Exercise instructions:
Within the records below is a range that opens at the line with "Pagrindiniuose šalies keliuose" and closes at the line with "2026新款喜大东百搭休闲刺绣小狗磨毛格子衬衫宽松上衣新年款外搭". Return that range word for word, both ends included, and only that range.

Given data:
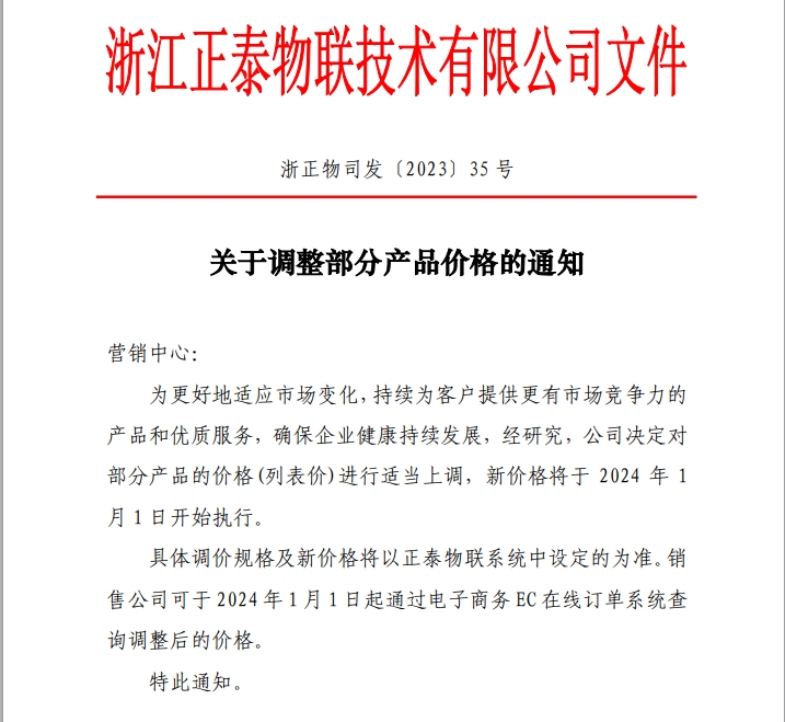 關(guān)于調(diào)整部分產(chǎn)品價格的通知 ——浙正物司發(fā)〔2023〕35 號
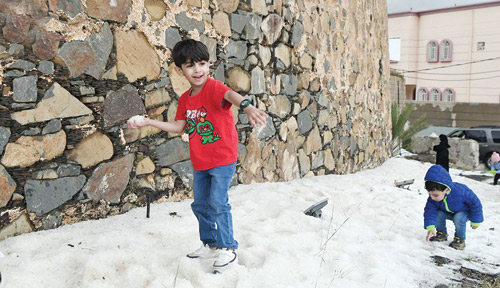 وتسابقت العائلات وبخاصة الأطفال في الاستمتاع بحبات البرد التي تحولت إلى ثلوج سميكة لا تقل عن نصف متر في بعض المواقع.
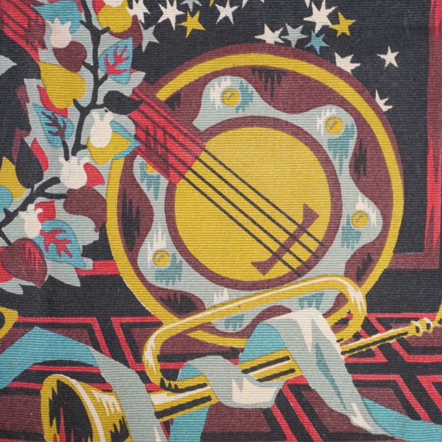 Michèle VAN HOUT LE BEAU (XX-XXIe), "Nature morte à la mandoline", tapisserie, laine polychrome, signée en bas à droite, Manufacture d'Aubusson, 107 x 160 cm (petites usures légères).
---
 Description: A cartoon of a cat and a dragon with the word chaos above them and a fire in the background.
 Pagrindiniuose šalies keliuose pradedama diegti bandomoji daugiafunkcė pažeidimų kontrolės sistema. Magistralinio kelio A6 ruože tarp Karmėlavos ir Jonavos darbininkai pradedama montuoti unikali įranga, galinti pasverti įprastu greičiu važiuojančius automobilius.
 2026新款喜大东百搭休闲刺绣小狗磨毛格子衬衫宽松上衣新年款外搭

Reply to the exercise:
 Pagrindiniuose šalies keliuose pradedama diegti bandomoji daugiafunkcė pažeidimų kontrolės sistema. Magistralinio kelio A6 ruože tarp Karmėlavos ir Jonavos darbininkai pradedama montuoti unikali įranga, galinti pasverti įprastu greičiu važiuojančius automobilius.
 2026新款喜大东百搭休闲刺绣小狗磨毛格子衬衫宽松上衣新年款外搭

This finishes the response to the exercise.